Which of the following regarding the Ames test is true?

  1. It is used to identify newly formed auxotrophic mutants.
  2. It is used to identify mutants with restored biosynthetic activity.
  3. It is used to identify spontaneous mutants.
  4. It is used to identify mutants lacking photoreactivation activity.

B

Fill in the Blank

A chemical mutagen that is structurally similar to a nucleotide but has different base-pairing rules is called a ________.

nucleoside analog

The enzyme used in light repair to split thymine dimers is called ________.

photolyase

The phenotype of an organism that is most commonly observed in nature is called the ________.

wild type

True/False

Carcinogens are typically mutagenic.

True

Short Answer

Why is it more likely that insertions or deletions will be more detrimental to a cell than point mutations?

Critical Thinking

Below are several DNA sequences that are mutated compared with the wild-type sequence: 3’-T A C T G A C T G A C G A T C-5’. Envision that each is a section of a DNA molecule that has separated in preparation for transcription, so you are only seeing the template strand. Construct the complementary DNA sequences (indicating 5’ and 3’ ends) for each mutated DNA sequence, then transcribe (indicating 5’ and 3’ ends) the template strands, and translate the mRNA molecules using the genetic code, recording the resulting amino acid sequence (indicating the N and C termini). What type of mutation is each?

Mutated DNA Template Strand #1: 3’-T A C T G T C T G A C G A T C-5’

Complementary DNA sequence:

mRNA sequence transcribed from template:

Amino acid sequence of peptide:

Type of mutation:
Mutated DNA Template Strand #2: 3’-T A C G G A C T G A C G A T C-5’

Complementary DNA sequence:

mRNA sequence transcribed from template:

Amino acid sequence of peptide:

Type of mutation:
Mutated DNA Template Strand #3: 3’-T A C T G A C T G A C T A T C-5

Complementary DNA sequence:

mRNA sequence transcribed from template:

Amino acid sequence of peptide:

Type of mutation:
Mutated DNA Template Strand #4: 3’-T A C G A C T G A C T A T C-5’

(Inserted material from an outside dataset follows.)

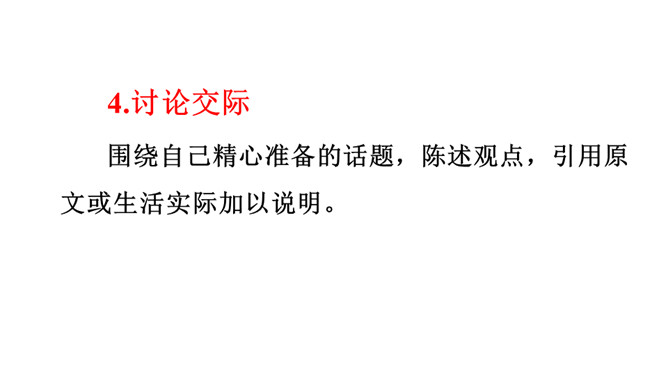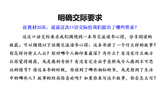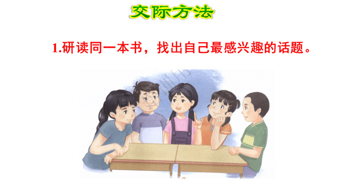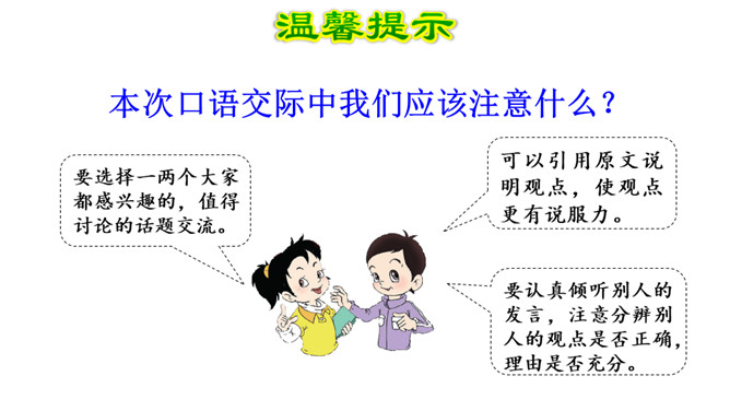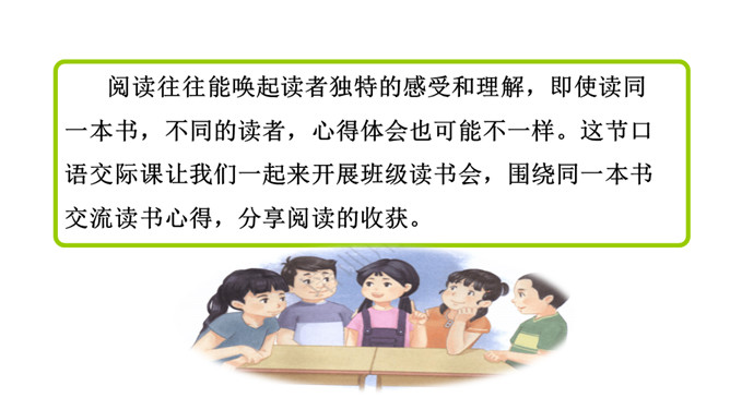 阅读往往能唤起读者独特的感受和理解,即使读同一本书,不同的读者,心得体会也可能不一样。这节口语交际课让我们一起来开展班级读书会,围绕同一本书交流读书心得,分享阅读的收获。本次口语交际中我们应该注意什么?要选择一两个大家都感兴趣的,值得讨论的话题交流。可以引用原文说明观点,使观点更有说服力。要认真倾听别人的发言,注意分辨别人的观点是否正确,理由是否充分。所属专题:同读一本书ppt。

Complementary DNA sequence:

mRNA sequence transcribed from template:

Amino acid sequence of peptide:

Type of mutation:

Why do you think the Ames test is preferable to the use of animal models to screen chemical compounds for mutagenicity?

Footnotes

  1. 1 World Health Organization. “ Global Health Observatory (GHO) Data, HIV/AIDS.” http://www.who.int/gho/hiv/en/. Accessed August 5, 2016.
  2. 2 World Health Organization. “ Global Health Observatory (GHO) Data, HIV/AIDS.” http://www.who.int/gho/hiv/en/. Accessed August 5, 2016.
  3. 3 K.R. Tindall et al. “Changes in DNA Base Sequence Induced by Gamma-Ray Mutagenesis of Lambda phage and Prophage.” Genetics 118 no. 4 (1988):551–560.